Walk the framework through a real artifact in the target repo

The allow path is the clearest place to start. allowClient builds the multi-line block and pushes per-client network config:

// src/ovpn/ManagementClient.ts
async allowClient(cid: number, kid: number, push?: PushConfig): Promise<void> {
  const lines: string[] = [`client-auth ${cid} ${kid}`];
  if (push) lines.push(...renderPush(push));
  lines.push('END');
  await this.send(lines.join('\n') + '\n');
}

The cid and kid are the client and key IDs OpenVPN assigned to this connection attempt; they are how you address one pending client among many. The push argument is where the control plane earns its keep — instead of a static ccd/ directory, it computes the client's IP and routes at decision time and renders them into the block:

// src/ovpn/ManagementClient.ts
function renderPush(p: PushConfig): string[] {
  const out: string[] = [];
  if (p.ifconfigPush) out.push(`ifconfig-push ${p.ifconfigPush.ip} ${p.ifconfigPush.mask}`);
  if (p.pushRoutes) for (const r of p.pushRoutes) out.push(`push "route ${r.network} ${r.mask}"`);
  if (p.pushDns) for (const dns of p.pushDns) out.push(`push "dhcp-option DNS ${dns}"`);
  if (p.rawPush) for (const r of p.rawPush) out.push(r.startsWith('push ') ? r : `push "${r}"`);
  if (p.configLines) out.push(...p.configLines);
  return out;
}

This is the part a C plugin makes painful and a socket makes trivial: ifconfig-push assigns the tunnel IP, push "route ..." injects routes, and the whole thing is a string the daemon applies to exactly this session. Deny and evict are the other two verbs, and they have a sharp detail in the quoting:

// src/ovpn/ManagementClient.ts
async denyClient(cid: number, kid: number, reason: string, clientReason?: string): Promise<void> {
  const r = quote(reason);
  const cr = quote(clientReason ?? reason);
  await this.send(`client-deny ${cid} ${kid} ${r} ${cr}\n`);
}

async kill(cidOrCn: number | string): Promise<void> {
  log.info({ target: cidOrCn, transport: this.transport }, 'mgmt: → kill');
  await this.send(`kill ${cidOrCn}\n`);
}

client-deny carries two strings: an operator-facing reason for the log and a client-facing reason shown to the user, both run through quote() so an embedded quote or backslash can't break out of the argument and inject a second command. kill is the eviction verb — it accepts either a numeric CID or a common name, which is what lets an anomaly detector kick a user by identity without knowing their current connection ID.

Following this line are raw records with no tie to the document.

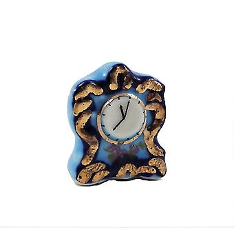 Dolls House Blue Gold Mantle Clock Ceramic 1:12 Scale Accessory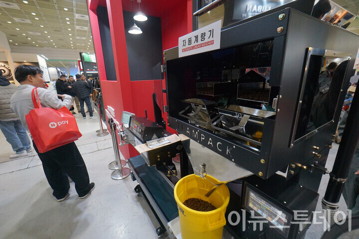 [이뉴스투데이 안경선 기자] 19일 오후 서울 강남구 코엑스에 열린 ‘제24회 서울카페쇼’에서 한 방문객이 원두 자동 계량기를 살펴보고 있다.
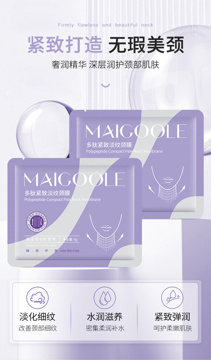 【玫黛琳多肽紧致淡纹颈膜】植萃精华紧致淡纹淡化细纹保湿滋润颈膜6g×5片/盒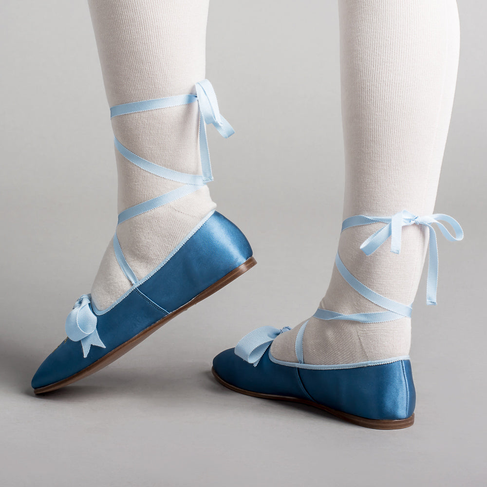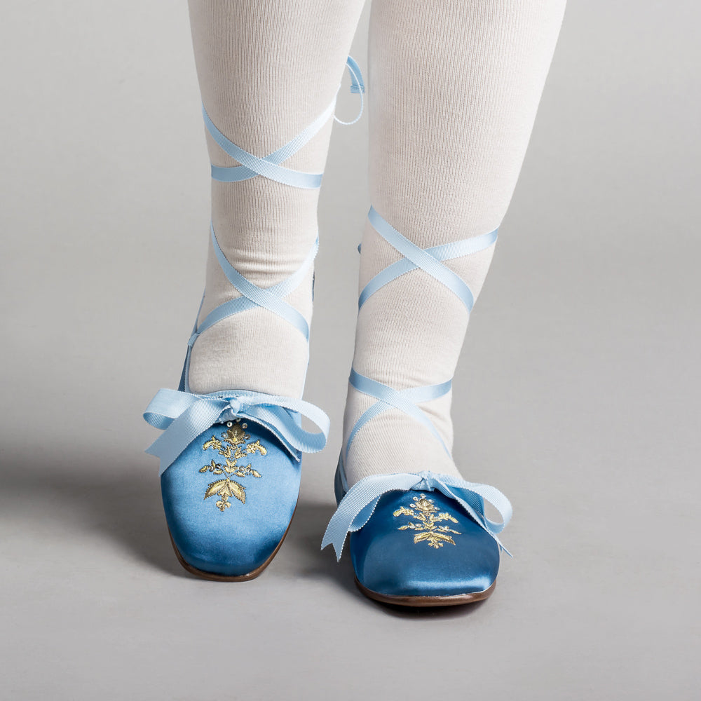 Bring your Regency dreams to life with the perfect pair of delicate dancing slippers. The Penelope slippers offer beauty, comfort, and versatility with so many color pairings, ways to wear the ribbons, and a soft yet durable construction.

The reason these verbs can be issued safely from an event-driven Node process is the parser. OpenVPN's notifications and your command replies arrive on the same socket, so the client splits the byte stream on newlines and feeds each line to a stateful parser:

// src/ovpn/protocol/index.ts
if (sub === 'CONNECT' || sub === 'REAUTH') {
  const [cidS, kidS] = tail.split(',');
  this.pendingHeader = { kind: sub === 'CONNECT' ? 'connect' : 'reauth', cid: Number(cidS), kid: Number(kidS) };
  this.pendingEnv = {};
  return;
}
if (sub === 'ENV') {
  if (tail === 'END') {
    const h = this.pendingHeader;
    const env = this.pendingEnv;
    this.pendingHeader = null;
    if (h?.kind === 'connect' || h?.kind === 'reauth') {
      out.push({ kind: 'client', ev: { kind: h.kind, cid: h.cid, kid: h.kid, env } });
    }
    return;
  }
  // accumulate key=value into pendingEnv until END
}

A >CLIENT:CONNECT line opens a header, every following >CLIENT:ENV,key=value line accumulates into pendingEnv, and only >CLIENT:ENV,END emits a complete, typed connect event with the full environment attached. Downstream code never sees a partial connect. Lines that don't start with > are command replies, surfaced separately so a kill that fails with ERROR (CN mismatch, a socket race) gets logged instead of vanishing — otherwise the operator sees a kick fire with no effect and no explanation.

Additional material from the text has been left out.